*** Supplied data Section Begins ***
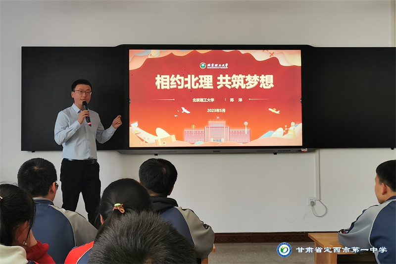 鄭洋教授從北京理工大學的歷史沿革、辦學規模、文化底蘊、優勢學科、全國排名、校園風光等方面為在場師生做了全面的介紹,還對2023年北京理工大學的招生政策進行了細致的講解,讓我校學子對北京理工大學有了更全面的認識。期間,鄭洋教授還參觀了我校校史館和美麗的校園,對我校“尚多元,成其美”的辦學理念和穩定攀升的高考成績給予了充分肯定,并感謝我校多年來為北京理工大學輸送了大批優質生源,希望更多的定西市第一中學優秀學子到北京理工大學繼續深造,實現自己的人生目標。
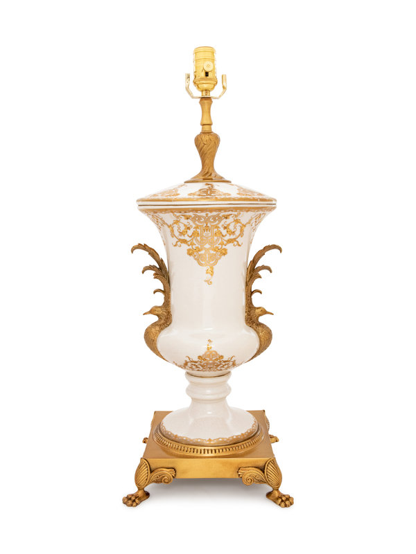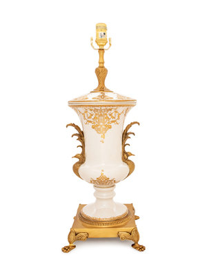 A Sèvres Style Gilt Metal Mounted Porcelain Urn Mounted as a Lamp
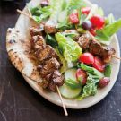 In a bowl, combine the mint, parsley and lettuce. Divide among individual plates and add the cucumber slices and cherry tomatoes. Drizzle with the dressing, top each salad with 2 skewers of lamb and serve immediately. Serves 4.
*** Supplied data Section Ends ***
• **The problem**
Retype each line above exactly. Leave the images out.

• **Solution below**
 鄭洋教授從北京理工大學的歷史沿革、辦學規模、文化底蘊、優勢學科、全國排名、校園風光等方面為在場師生做了全面的介紹,還對2023年北京理工大學的招生政策進行了細致的講解,讓我校學子對北京理工大學有了更全面的認識。期間,鄭洋教授還參觀了我校校史館和美麗的校園,對我校“尚多元,成其美”的辦學理念和穩定攀升的高考成績給予了充分肯定,并感謝我校多年來為北京理工大學輸送了大批優質生源,希望更多的定西市第一中學優秀學子到北京理工大學繼續深造,實現自己的人生目標。
 A Sèvres Style Gilt Metal Mounted Porcelain Urn Mounted as a Lamp
 In a bowl, combine the mint, parsley and lettuce. Divide among individual plates and add the cucumber slices and cherry tomatoes. Drizzle with the dressing, top each salad with 2 skewers of lamb and serve immediately. Serves 4.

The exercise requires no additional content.